In response to my post on whether an atheist could be elected president, reader Jeff points to a Pew poll surveying the level of religiosity shown be members of the American Association for the Advancement of Science. This study showed that these scientists were about an order of magnitude less religious than the general American public:
[T]he poll of scientists finds that four-in-ten scientists (41%) say they do not believe in God or a higher power, while the poll of the public finds that only 4% of Americans share this view.
The writeup of the poll mentions that this study more or less agrees with the results of similar polls:
The recent survey of scientists tracks fairly closely with earlier polls that gauged scientists’ views on religion. The first of these was conducted in 1914 by Swiss-American psychologist James Leuba, who surveyed about 1,000 scientists in the United States to ask them about their views on God. Leuba found the scientific community equally divided, with 42% saying that they believed in a personal God and the same number saying they did not.
More than 80 years later, Edward Larson, a historian of science then teaching at the University of Georgia, recreated Leuba’s survey, asking the same number of scientists the exact same questions. To the surprise of many, Larson’s 1996 poll came up with similar results, finding that 40% of scientists believed in a personal God, while 45% said they did not. Other surveys of scientists have yielded roughly similar results.
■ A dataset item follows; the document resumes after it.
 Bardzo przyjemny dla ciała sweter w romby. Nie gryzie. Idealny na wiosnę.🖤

The writeup doesn’t mention that Leuba did another study in 1914 of the level of belief of “greater scientists,” identified as such in the publication American Men of Science. For these guys, the level of disbelief was somewhat higher — about 53%. He replicated the study in 1933, at which point disbelief had risen to 68%. In 1998 Larson tried to replicate these studies by sending a questionnaire to members of the National Academy of Sciences, which is an elected body of distinguished scientists; the authors believe this sample was probably more selective than Leuba’s samples. For NAS members in 1998, the rate of disbelief was 72%. The level of actual personal belief had declined from 27% to 7% (the remainder are agnostics). The authors write:
As we compiled our findings, the NAS issued a booklet encouraging the teaching of evolution in public schools, an ongoing source of friction between the scientific community and some conservative Christians in the United States. The booklet assures readers, “Whether God exists or not is a question about which science is neutral”. NAS president Bruce Alberts said: “There are many very outstanding members of this academy who are very religious people, people who believe in evolution, many of them biologists.” Our survey suggests otherwise.
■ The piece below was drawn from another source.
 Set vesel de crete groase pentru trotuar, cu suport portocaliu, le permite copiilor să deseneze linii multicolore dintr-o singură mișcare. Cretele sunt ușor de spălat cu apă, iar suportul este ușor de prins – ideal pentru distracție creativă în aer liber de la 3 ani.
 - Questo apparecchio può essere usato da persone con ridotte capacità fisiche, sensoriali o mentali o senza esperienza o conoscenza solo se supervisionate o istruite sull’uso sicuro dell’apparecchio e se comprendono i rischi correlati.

So, let’s consider samples of 500 people:
1 out of 500 members of Congress doesn’t believe in God.
20 out of 500 people in the general American public don’t believe.
205 out of 500 regular ol’ scientists don’t believe.
360 out of 500 distinguished scientists don’t believe.
I don’t have anything deep to say here; I just wanted to point out the gap between the religious beliefs of elite scientists and those of the general public — and the chasm between their beliefs and those of members of Congress.